Why This Gluten-Free Falafel Recipe Works
This recipe shines because of its thoughtful approach to soaking and processing the dried chickpeas, which is crucial for texture and flavor. Soaking the chickpeas with a touch of baking soda softens them just right, while processing them with fresh parsley, cilantro, and gluten-free flour ensures the mixture stays cohesive without losing crunch. The frying method, done in neutral oil heated to 350°F, crisps the falafel evenly, locking in moisture and delivering that iconic texture that falafel lovers crave.
Ingredients You’ll Need

Gather these flavorful essentials that transform simple chickpeas into crunchy, herb-filled falafel patties:
- 1 pound dried chickpeas: The foundation for tender insides and nutty flavor.
- ½ tsp baking soda: Helps soften the legumes for perfect texture.
- 1 small yellow or red onion (peeled and quartered): Adds subtle sweetness and depth.
- 6 garlic cloves (peeled): Infuses every bite with a warm, aromatic punch.
- 1/2 teaspoon freshly ground black pepper: For a hint of spice.
- 2 teaspoons kosher salt: Essential for seasoning and enhancing flavors.
- 2 tablespoons gum-free gluten free flour blend: The glue that holds everything together without gluten.
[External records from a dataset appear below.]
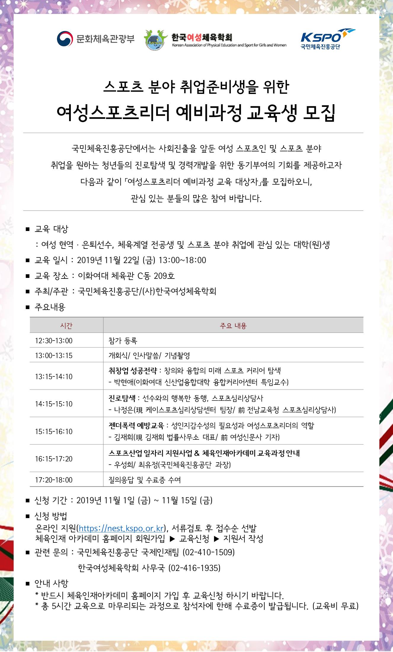 [국민체육진흥공단/한국여성체육학회] 여성스포츠리더 예비과정 교육생 모집 안내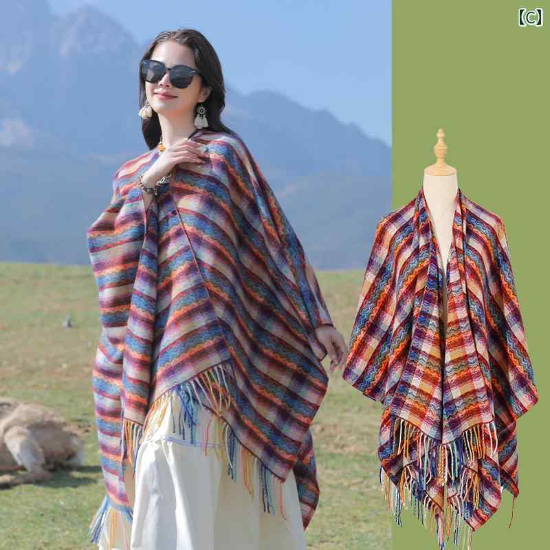 ショール ストール レディース カラフル エスニック スリット スカーフ ポンチョ 春夏 アウター 旅行 写真 マント 暖かい レディース 日焼け防止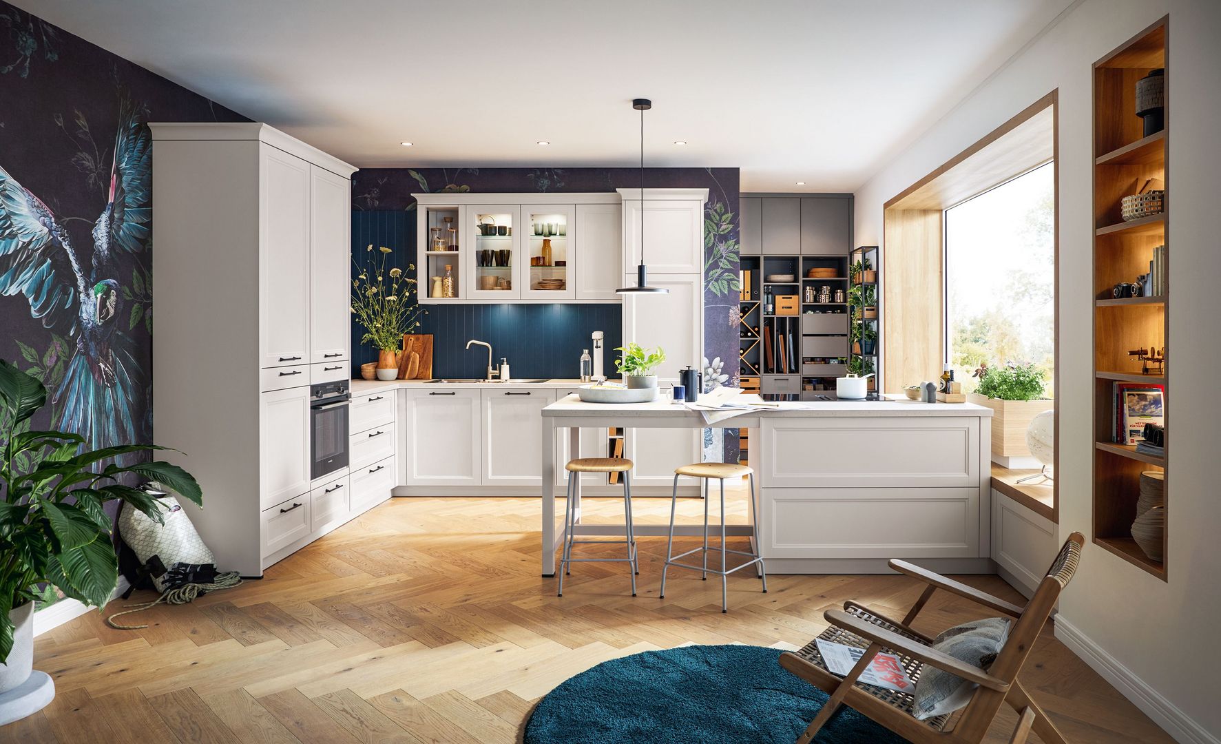 SCHÜLLER CAMEO LANDHAUSKÜCHE MIT INSEL MUSCHELWEIß
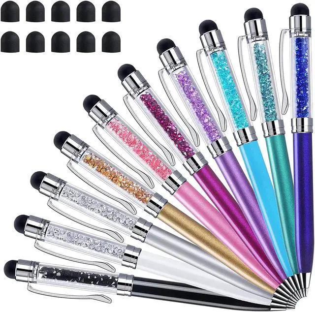 100% Compatible with all capacitive touch screen devices. High quality Ultra-sensitive 2 in 1 stylus and ball pen Smooth use on any screens of digital products responsive as finger touch. 10 Different colors crystals separately filled in upper half chamber of styluses tipped with durable soft rubber resistant screens from scratches fingerprints and grease. Ball pen ( black ink ) writes smoothly with a clip designed clip on the pocket case book ect. Perfect as small gift for your relative family friends.

- 1 1/2 cups fresh parsley leaves: Bright, earthy freshness in every mouthful.
- 1 cup fresh cilantro leaves: Adds vibrant, citrusy undertones.
- 1 tablespoon extra virgin olive oil (plus more as necessary): Brings silkiness and richness.
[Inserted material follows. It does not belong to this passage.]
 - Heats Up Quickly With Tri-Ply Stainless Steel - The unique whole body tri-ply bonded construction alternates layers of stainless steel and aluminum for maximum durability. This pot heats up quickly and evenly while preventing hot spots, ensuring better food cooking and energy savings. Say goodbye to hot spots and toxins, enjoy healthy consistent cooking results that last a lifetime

- Neutral oil for frying: Peanut, corn, or refined coconut oil work best for that golden crust.
- Coarse salt (for sprinkling): Adds the perfect finishing touch to warm falafel.
Ingredient Substitutions & Tips
- Dried chickpeas: Avoid canned chickpeas; soaking dried ones is key to proper texture.
- Gluten-free flour blend: Substitute with chickpea flour or rice flour if preferred for binding.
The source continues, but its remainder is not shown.